「へーえ……猫神もあんなになって怒るんだねぇ」
 雪乃さんの助けに入った方がいいのかとか、どうやったら猫さんを止められるかとか、師匠にどんな報復をするかとか考えていたら、突然後ろからそんな声が聞こえた。同時に背筋に寒気が走る。
「…………ッ!!」
 その声はずっと心配していた人のものだったから、少しだけ声を聞いて安心した。でも、すぐにその声は僕の知っている声とは微妙に違うことに、本能で勘づいてしまった。少ししてから、殺意が込められているからだと気付く。一応殺意を持って行動することは、彼の本職ではあるから、それが本来の声になるのだろう。でも正直似合わないと感じた。殺意なんて持っていないでほしい。
「やあ、音無。久しぶりだね。元気にしてた?」
 うっすら口元に笑みを貼りつけて葉折君は言う。女装も化粧もしていない葉折君はなんだか新鮮で、それ以上にかっこよかったのだけれど、全身から放たれる殺気がそれらをすべて打ち消していた。怖い。
「はは……まあ、僕としては元気でいてもらっちゃ困るんだよね」
「……貴方は、誰、ですか」
 葉折君と分かっていてもついつい聞いてしまった。そのくらいなんか違う。こんな葉折君は嫌だ。

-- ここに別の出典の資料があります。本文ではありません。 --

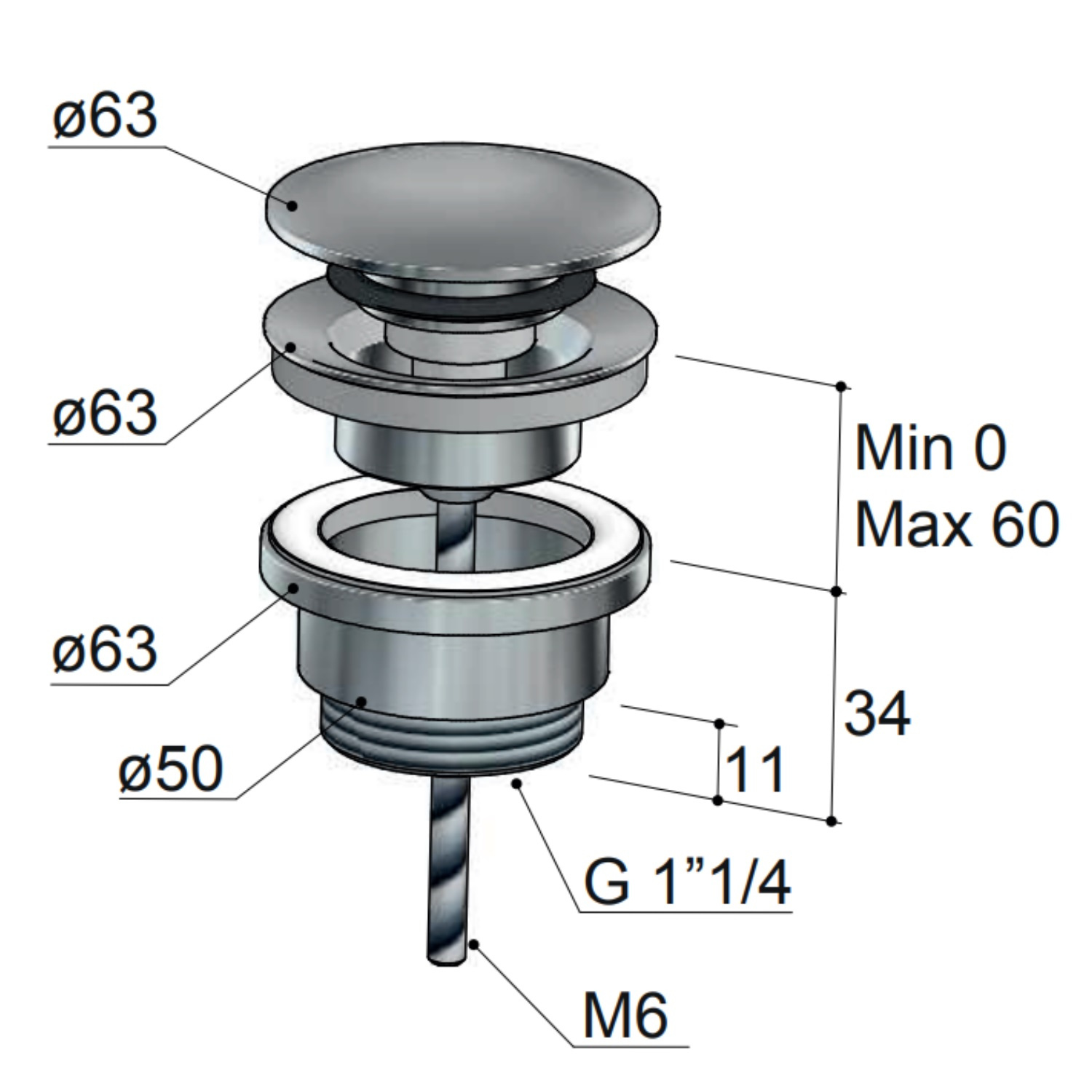 Met de Hotbath clickwaste van de serie Cobber kan u een toiletruimte of badkamer compleet maken. Door de click plugkan u de wasbak of fontein makkelijk afsluiten of openen. Door de ronde afwerking geeft dit een elegante afwerking aan uw wasbak of fontein. Iets wat ook terug te vinden is in dit product met prachtig design. De clickwaste heeft een diameter van 6,3 cm en beschikt over een M6 schroef om de plug me te monteren. De aansluiting van de plug is 1 1/4'' (5/4'').
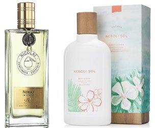 Parfums de Nicolaï Néroli Intense is available in 30 ($62), 100 ($175) and 250 (€330) ml Eau de Parfum; for buying information see the listing for Parfums de Nicolaï under Perfume Houses. Thymes Neroli Sol Body Lotion is sold in 74 ($7) or 270 ($25) ml at the Thymes website.

「……月明か。残念だけど君たちに仕事は無いよ。ノロマに残り物なんてないのさ」
 対峙する僕と葉折君の間に入って桜月君が言った。皮肉が大好き(師匠情報)な桜月にしては珍しくストレートな物言いだ。「帰れ」が必ず語尾についているような気がする。
「あはは、嬉しいことに終わってないんだなぁ、それが、さッ!!」
 僕は一瞬何が起こったのか理解できなかった。それが終わった後でようやく何が起こったのか認識できる。
「手癖の悪いやつ。話の途中でナイフ振り回すなんて育ちの悪さが伺えるよね」
「君の狭い常識の中で語らないでほしいね。僕の家ではこれが普通だよ」
 お互いのナイフ(葉折君は葉っぱだが)が交差した状態で、お互いを嘲笑しながら二人は言う。葉折君は僕を狙っての攻撃で、桜月君は僕を守ってくれたようだ。
「……死にたくなければ構えておくんだね嘘誠院音無。今のこいつに躊躇いは無いよ」
「……そうみたいですね」
 僕はナイフではなく鎖を構えた。ナイフでは敵わないと思ったし、何より葉折君を傷つけたくなかった。甘いと言われるだろうけれど、そう簡単に情を切り離せるわけがない。僕は人間だ。
「だらっしゃぁぁぁぁっ!」
「おっと、兄さんの邪魔はしないでくださいっす。あなたの相手はこっちっすよ」
 葉折君を後ろから襲撃しようとした仙人を九十姉妹が阻止した。完璧に近い不意討ちだったから通用すると思ったのだけれど……当然ながら一筋縄ではいかないらしい。
「月明のメインである僕と、弟妹の両双子が来てる。それから数人サブも来てたかな。とにかく、君たちに助けが入るとは思わないでくれ。……皆殺しだ、月明の名にかけて」
 低い声でそう言うと、葉折君はいつの間にか用意していた大量の葉っぱ(別名刃っぱ)を一気に放った。